Such a view no doubt emerges from precisely the kind of dogmatic
empiricism that Kant sought to transcend and that Schopenhauer
sought to deny. Yet it is exceedingly difficult to escape the
feeling that external reality must resemble, if only in a distant
fashion, the mentalist representations we use to navigate it - even
the immaterialist Berkely had to find some way of dealing with
reality's consistency and relative stability; in any case, there is
no obvious reason why one should give serious consideration to the
notion that this is not so, all (mandatory) respects paid to
Descartes and his tricky evil demon. If I am critical of Nietzsche's
rendition of the Kantian dilemma as a non-issue than I am even more
displeased by modern man's persistent refusal to lay trust in common
sense, observation, and intuition. 


But what of my assertion that Christianity is responsible for
western man's conception of the divine? That paganism conceived of
gods is clear. That most of Europe's formative races conceived of
reality in dualistic (though not absolutist or moralist) terms is
also evident.[1] Pagan dualism however, like Kantian theory, was not
describing a relationship between the divine-unseen-spiritual and
the human-apparent-physical, but rather a relationship between the
external-material-metahuman and the internal-immaterial-human. 
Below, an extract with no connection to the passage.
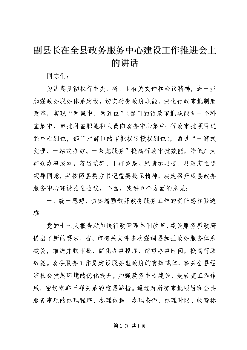 副县长在全县政务服务中心建设工作推进会上的讲话_1

In pre-Judaic religions, nature and the divine were not divided into
separate realities. Every deity, god, and mythological tale was
representative of forces within nature, or of nature itself.[2]
Because pagan spirituality did not consider nature to be a human
domain, but rather an externalized superhuman domain, the resting
place of truth was not in something symbolic and abstract, but in
something material and external. When heathen peoples spoke of the
unseen, they were not referring to an unknowable abstraction (such
as the Hebrew Yahweh), but rather to a perceived essence, the
existence of which was still deduced by the observation of natural
physical phenomenon (such as wind for instance, the presence of
which is felt and the manifestations of which observed, but the
"essence" of which is elusive). The supernatural was not a valid
concept to the pagan mind, and as such the gods were not
metaphysical, but only metahuman.

The realm of symbols was the realm of representations, which existed
purely as human interpretation and speculation in the form of
mythology, while the realm of nature was the realm of the "divine" -
of truth, of spirituality. It was only with the coming of Judaism
that the gods were split from nature, turned into something abstract
and symbolic, and given divine existence in their own right.
Suddenly truth was not only metahuman, but metaphysical as well; the
gods were above both man and earth. Symbols had become truths in and
of themselves. 

From such an assessment it is clear that Christian spiritual dualism
is in actuality a degeneration of Indo-European trilogism, an
anti-natural construction comprising the kingdom of man (internal,
subjective), the kingdom of nature (external, false, sinful), and
the kingdom of god (super-external, immaterial-symbolic, absolute
truth). That Christianity lumps internal human existence together
with external earthly existence, thus transferring its "dualism"
away from the internal/external to the physical/meta-physical, can
only be regarded as a hideously large intellectual blunder. 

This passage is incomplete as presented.